I have data that looks like this
Cluster.x Cluster.y n
1 4 8
1 7 1
2 1 2
2 4 4
2 7 1
And i want to transform it to a crosstable that looks like this
Cluster.y
Cluster.x 1 2 3 4 5 7
1 0 2 0 8 0 1
2 2 0 0 4 0 1
3 0 0 0 0 0 0
4 8 4 0 0 0 0
5 0 0 0 0 0 0
7 1 1 0 0 0 0
How can i do this transformation? It is important for me, that the table is symmetric and is readable as rows or columns with the same results.
CodePudding user response:
Firstly, create a matrix with zeros,
out <- matrix(0, 7,7)
Then assign your values into them by flipping columns,
out[as.matrix(df[,1:2])] <- df[,3]
out[as.matrix(df[,2:1])] <- df[,3]
gives,
# [,1] [,2] [,3] [,4] [,5] [,6] [,7]
# [1,] 0 2 0 8 0 0 1
# [2,] 2 0 0 4 0 0 1
# [3,] 0 0 0 0 0 0 0
# [4,] 8 4 0 0 0 0 0
# [5,] 0 0 0 0 0 0 0
# [6,] 0 0 0 0 0 0 0
# [7,] 1 1 0 0 0 0 0
Data:
df <- read.table(text="
Cluster.x Cluster.y n
1 4 8
1 7 1
2 1 2
2 4 4
2 7 1",header=T)
CodePudding user response:
library(Matrix)
dims <- max(dt$Cluster.x, dt$Cluster.y)
m <- sparseMatrix(i = dt$Cluster.x, j = dt$Cluster.y, x = dt$n, dims = c(dims, dims))
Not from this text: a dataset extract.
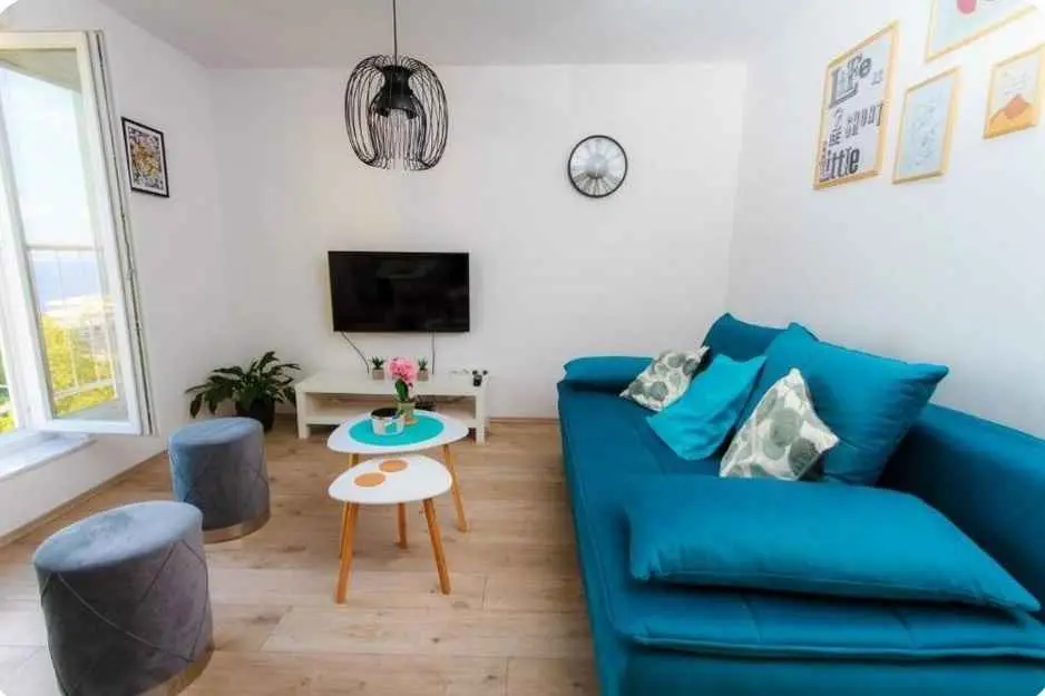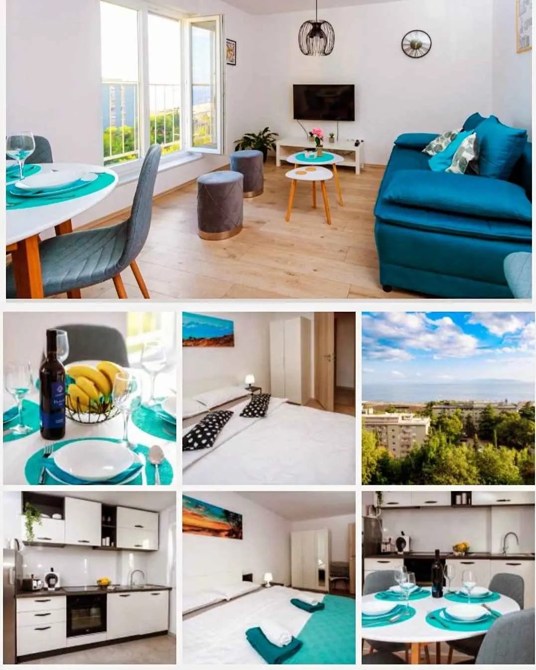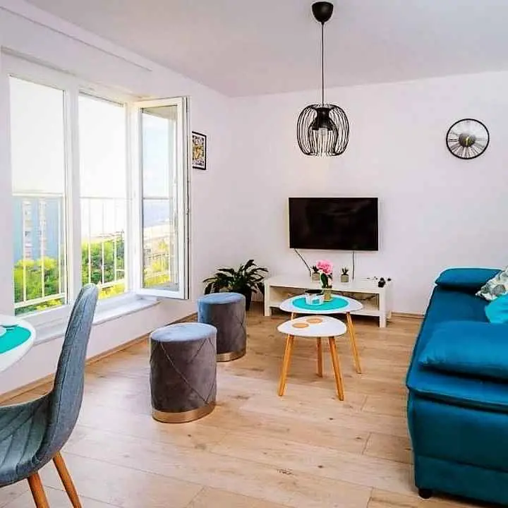 Apartman sa predivnim pogledom na cijeli Kvarnerski zalje, Opatiju, Rijeku, Krk te predivno Jadransko more nalazi se u zgradi bez lifta na 3. katu. Nalazi se u neposrednoj blzini centra grada te nedaleko Opatije. Prikladan za poslovne subjekte, ali i za obitelji s djecom. Apartman sadrži dnevni boravak s francuskim balkonom, kuhinju, 3 sobe, kupaonicu i wc, okružen zelenilom i parkovima. Gradska plaža, Kantrida, nalazi se 20ak minuta hoda od apartmana, odnosno tek 5 min automobiilom. Besplatan parking oko zgrade. Istra, Krk, Gorski kotar, Platak, Nacionalni park Risnjak nude se kao atraktivne lokacije za posjet u blizini Rijeke i naseg apartmana. Turnić. Blizina centra grada i mora. Mirna lokacija. Prikladna za obitelj. Zgrada bez lifta.
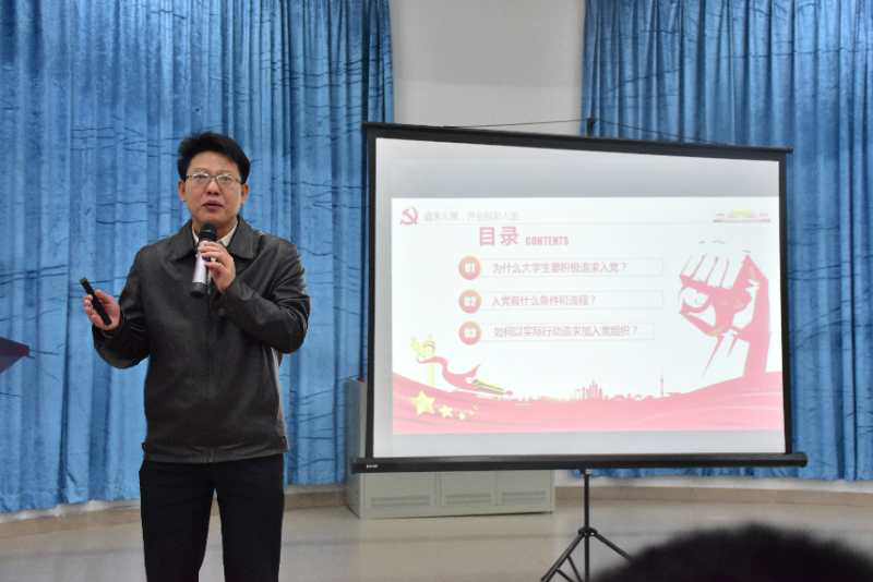 随后,由陈丹雄书记带来《追求入党,精彩人生》专题讲座。陈书记从为什么要积极追求入党、入党的条件和入党的实际行动三个方面来进行讲解。第一,积极追求入党涉及到人的动机和理想,党组织有许许多多优秀的党员,若将自己与优秀的党员比较就能给自身动力,不断地朝着为实现中华民族伟大复兴这一中国梦奋进,从而孕育出人生价值。第二,陈书记指出,年满十八岁的青年都可以自愿加入中国共产党。若有入党的想法就要付出实际行动,要做到思想上进,有进取心,积极学习习近平新时代中国特色社会主义思想,同时学习成绩要优秀,工作积极,要有很好的综合素质,要在平时生活中不断历练,不断地雕琢自己,使自己成才。最后,陈书记指出,做合格党员永远在路上,老员工要坚守底线,长期坚持,党的大门永远向有理想、有信念的有志青年敞开。

matrix(m, nrow = dims, ncol = dims, dimnames = list(1:dims, 1:dims))
# 1 2 3 4 5 6 7
# 1 0 0 0 8 0 0 1
# 2 2 0 0 4 0 0 1
# 3 0 0 0 0 0 0 0
# 4 0 0 0 0 0 0 0
# 5 0 0 0 0 0 0 0
# 6 0 0 0 0 0 0 0
# 7 0 0 0 0 0 0 0
Edit
You can get the symetric one rowbinding the reverse values and remove duplicate rows. I use data.table here.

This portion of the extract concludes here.